La ragione è semplice. Se il valore dovesse rimanere sui livelli attuali, se non addirittura scendere ulteriormente, l’impatto sui prezzi (e quindi sull’inflazione) sarebbe ineluttabile. Nell’ultimo mese il prezzo del gas europeo è sceso di oltre il 52% (solo ieri ha perso il 7%). Il prezzo dell’energia contribuisce per 2/3 alla determinazione dell’inflazione europea. Ne consegue che il velocissimo calo del gas ha di molto ridimensionato le aspettative sull’andamento dei prezzi in Europa: basti pensare che sino a soli 11 giorni fa gli swap stimavano che l’inflazione sarebbe stata, tra 12 mesi, del 4,50%. Ora le aspettative si sono portate al 2,50%. Un salto enorme, che da forza a chi sostiene che, se il trend venisse confermato, la BCE potrebbe non ricorrere, come non più tardi di 2 giorni fa alcuni suoi esponenti hanno dichiarato (vd Isabel Schnabel, membro del Comitato Direttivo della Banca Centrale), ai rialzi già “messi in cantiere” (se non il primo, previsto per i primi giorni di febbraio, almeno per il secondo, entrambi ipotizzati nella misura dello 0,50%: in alternativa, mantenere il duplice rialzo, ma per una percentuale inferiore, 0,25%). Ieri ne abbiamo avuto la prova osservando l’andamento degli spread (a maggior ragione il nostro) e il conseguente rendimento dei titoli governativi. Il nostro spread è così sceso sino a 178 bp (anche se poi ha chiuso intorno a 185 bp), con il BTP che è passato in un solo giorno dal 4,22% di martedì al 4,03% di ieri (ad inizio anno era al 4,55%). Sorte analoga per il bund tedesco, sceso dal 2,45% di inizio anno al 2,17% di ieri (martedì era al 2,30%).
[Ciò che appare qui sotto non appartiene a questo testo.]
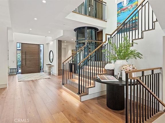 Welcome to this extraordinary custom estate perched in the Hermosa Hills and set on a large, flat corner lot - an exceptional rarity in Hermosa Beach, where modern design and coastal luxury meet. With 7 bedrooms, 7.5 baths, and over 7,800 square feet of impeccable living space, this home offers the best of coastal living: elevated design, breathtaking views and effortless sophistication. The architectural craftsmanship is unmistakable—an oversized pivot wood front door, wraparound front deck and an open-concept layout that seamlessly blends indoor and outdoor living. A dramatic glass-encased elevator serves as a sculptural centerpiece, connecting each level with ease. The main living area features a stone fireplace, wood-detailed ceilings and folding glass walls that open to an entertainer’s dream: a covered outdoor pavilion with kitchen pass-through, bar seating, pool and spa, fire pit and built-in lounge seating—all enhanced by custom lighting for an inviting nighttime ambiance. The gourmet kitchen is both functional and beautiful, showcasing a waterfall island of natural stone, designer backsplash, custom cabinetry and a cozy built-in breakfast nook. A formal dining area and multiple living spaces offer room for gatherings large and small. Upstairs, the primary suite is a serene retreat with a private terrace, marble-clad bath, soaking tub, and adjacent office with its own ocean-view patio. The lower level is pure leisure—complete with a full bar, movie theater, game room, and home gym. Every detail has been curated for luxury living: custom railings, designer fixtures, home automation, sound and theater systems throughout, security cameras, a full water filtration system and a four-car garage with built-in storage.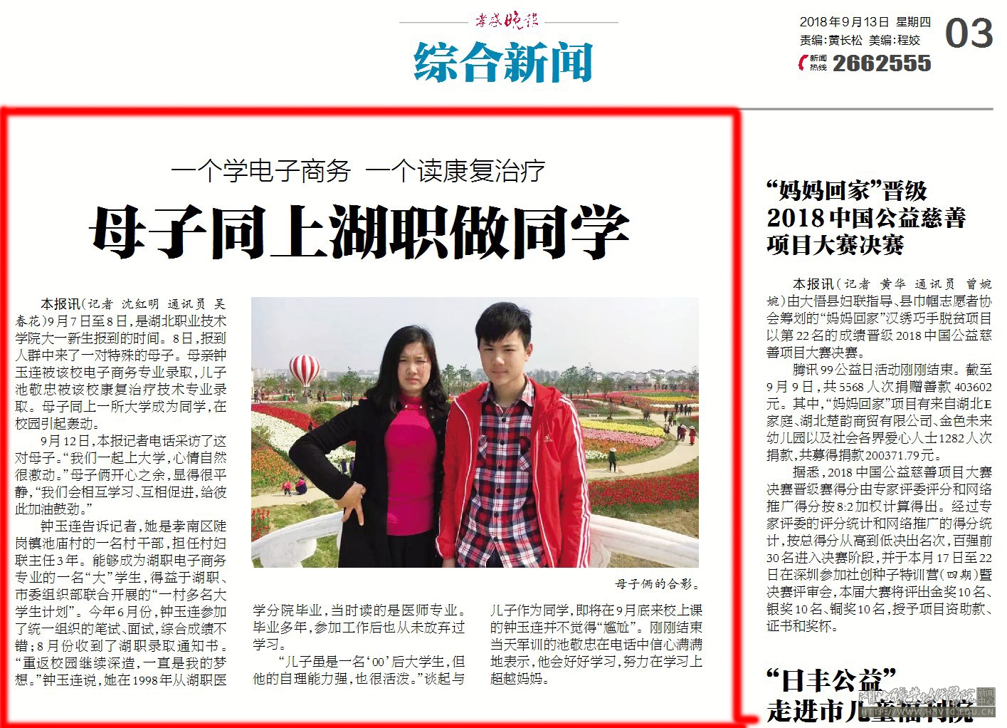 9月7日至8日,是九州线上平台大一新生报到的时间。8日,报到人群中来了一对特殊的母子。母亲钟玉连被该校电子商务专业录取,儿子池敬忠被该校康复治疗技术专业录取。母子同上一所大学成为同学,在校园引起轰动。

A dire il vero anche altri fattori hanno contribuito al “ridisegno”, uno di ordine più “politico”, l’altro più “tecnico”.
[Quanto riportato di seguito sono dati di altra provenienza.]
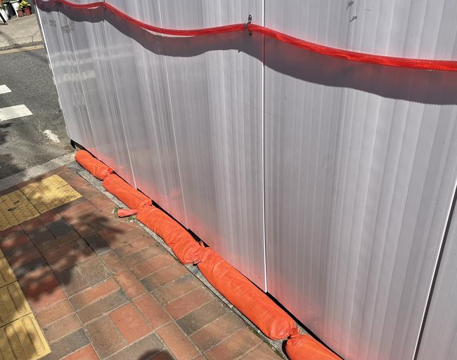 마지막으로, 보도와 접한 가설울타리 하부에 모래 마대 또는 콘크리트 구조물을 설치하도록 해 공사 중에 발생하는 토사유출을 방지한다.
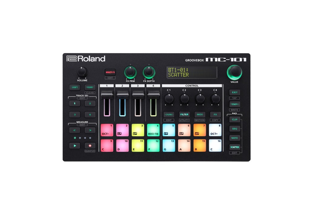 Small size. Massive groove. Produce and perform music anywhere, anytime—without clutter or complications. The MC-101 GROOVEBOX has all the high-quality sounds, sequencing, and effects of the professional MC-707, in a compact four-track version that’s go-everywhere portable. Get started with an inspiring collection of ready-to-go sounds and patterns, or easily create your own. Craft a unique style by importing custom sounds and loops that sync to tempo. And you can perform with the MC-101, triggering clips and shaping your sounds with direct, hands-on control. Pocket production studio. The MC-101 is a professional production tool, sharing the sounds and many of the capabilities of its bigger sibling, the MC-707. And there are advantages in being small. The MC-101 is solid-yet-light and runs for about five hours on four AA batteries, so you can design sounds, create drum patterns, and compose musical phrases just about anywhere. And it’s not just a scratch pad for simple ideas. You can produce fully-fledged professional tracks or create backing tracks and accompaniment for live performance. Turn a creative spark into fire. The MC-101 has a four-track sequencer optimized for creating today's electronic and dance-focused music. You can use the 16 RGB pads to create drum, bass, and synthesizer patterns and produce your own original music. Explore a musical playground, where you can freely combine loops and one-shots with melodic phrases including your own MIDI sequences and imported audio recordings. Compose and trigger clips, rearrange, re-sample, record automation, and more. A portable studio full of vintage gear. The MC-101 has the Roland sounds that have defined electronic and dance genres for over forty years. Legendary instruments like the TR-808, TR-909, JUNO-106, and SH-101 are all here, ready to replicate classic sounds or be combined, tweaked, and processed into entirely new sounds. Expandable sounds, patterns, and phrases. Compose from a curated collection of built-in beats, phrases, and sounds, all expertly crafted by renowned artists and sound designers. And the MC-101 is part of an expandable platform. So, when you're ready for more, or want to explore new genres and styles, you can easily change things up by adding new content. Play your own custom audio in perfect sync. Each track contains a powerful sample player so you can import your own custom sounds. Use your own voice, or the sound of your favorite instrument from your computer. Imported audio can sync with the MC-101's tempo or be processed with the arsenal of built-in effects and hands-on controls. Specs - Sound Generator ZEN-Core (Tone, Drum Kit) - Track Type Tone, Drum Kit, Looper (Audio Loop) - Maximum Polyphony ZEN-Core: 128 voices (varies according to the sound generator load) LOOPER: 4 (varies according to the available number of Looper track) - Tracks 4 tracks - Clips 64 clips (16 clips per track) * Clip Type: Tone, Drum Kit, Looper (Audio Loop), it varies according to the track type. - Tones Preset Tone: 3,000 or greater Preset Drum Kit: 80 or greater User Sample (as a Tone or Drum Kit): available by importing form SD CARD Looper Sample (as a clip of Looper track): available by importing from SD CARD * Available total time for User Sample: 12 minutes in mono, 6 minutes in stereo (44.1 kHz) * Available format of User Sample: WAV 32--96 kHz/16 bits, 24 bits (mono, stereo) * Available total time for Looper Sample: Approx. 60 sec (44.1 kHz) * Available format of Looper Sample: WAV 44.1 kHz/16 bits, 24 bits, 32 bits, 32 bits float (mono, stereo) - Effects Track Multi-Effects: 90 types Track EQ Chorus/Delay: 9 types Reverb: 7 types Master Effects: 90 types Master Compressor Master EQ - Step Sequencer Maximum Step: 64 steps * Available on a Tone or Drum Kit Track - Looper Time Stretch, Pitch Shift * Available on a Looper Track - Display 16 characters, 2 lines LCD (with backlit) - External Storage SD Card (SDHC supported) for saving Project Data and Audio Data - Connectors PHONES jack: Stereo miniature phone type OUT(L/MONO, R) jacks: 1/4-inch phone type MIDI (IN, OUT) connectors USB port: USB B type (Audio, MIDI) - Power Supply Alkaline battery (AA, LR6) x 4 Ni-MH battery (AA, HR6) x 4 Obtained via USB port (USB bus power) - Current Draw 500 mA - Expected battery life under continuous use Alkaline battery (AA, LR6): Approx. 3 hours Ni-MH battery (AA, HR6): Approx. 4.5 hours * This can vary depending on the specifications of the batteries, capacity of the batteries, and the conditions of use. - Dimensions 224(W) x 132(D) x 61(H) mm 8-13/16 (W) x 5-3/16 (D) x 2-7/16 (H) inches - Weight (including batteries) 716 g 1 lb 9 oz - Accessories Owner's manual Alkaline battery (AA, LR6) x 4 SD Card (installed in the product when shipped from the factory) SD Card Protector (installed in the product when shipped from the factory) Produce tracks ready to stream or perform. With the MC-101's wide range of pro effects, your music sounds polished and fully produced. Each track has independent effects processors with a huge number of variations. Lush chorus brings depth to pads and other synth sounds. Delays and reverbs create evocative spaces and add movement to delicate sequences. Overdrive, distortion, and amp simulation inject grit and intensity into synths, guitars, drums and more. You can also run your entire mix through master effects like filters, bit-crushers, and a master bus compressor that glues it all together with punch and clarity. Produce and share with the world. With a single cable. When you're ready to further develop your tracks, or share your creations with friends and fans, simply connect the MC-101 to your computer with a single USB cable. It has advanced USB audio interface capabilities and can record an entire mix or all four parts to individual tracks in your DAW. Or sample sounds from your DAW to capture backing tracks, stems, or the sound of a favorite software synth for your next live show. Specs - So

Sempre ieri, infatti, il Cancelliere tedesco Scholz, in maniera inaspettata, ha fatto intendere che la Germania potrebbe essere favorevole all’idea di emettere un debito comune europeo al fine di permettere all’Europa di bilanciare il mega piano di investimenti ($ 370 MD) lanciato dall’Amministrazione Biden per sussidiare il così detto “green plan”. Se così fosse, un Paese come il nostro, costretto a continue emissioni di titoli governativi, avrebbe meno necessità di ricorrere ai finanziamenti, diminuendo, quindi, le emissioni di BTP.
Non da meno è importante anche un elemento dato da un “tecnicismo”: nelle ultime settimane alcuni operatori (in primis, ma non solo, gli Hedge Fund, da sempre in prima linea quando si parla di speculazione) avevano scommesso, anche se non come in passato, su un indebolimento del nostro spread, con un innalzamento dei rendimenti dei BTP. Le vicende degli ultimi giorni stanno portando a frettolose “ricoperture” e quindi a “chiudere” le posizioni aperte acquistando BTP sulle scadenze più lunghe, evitando ulteriori perdite.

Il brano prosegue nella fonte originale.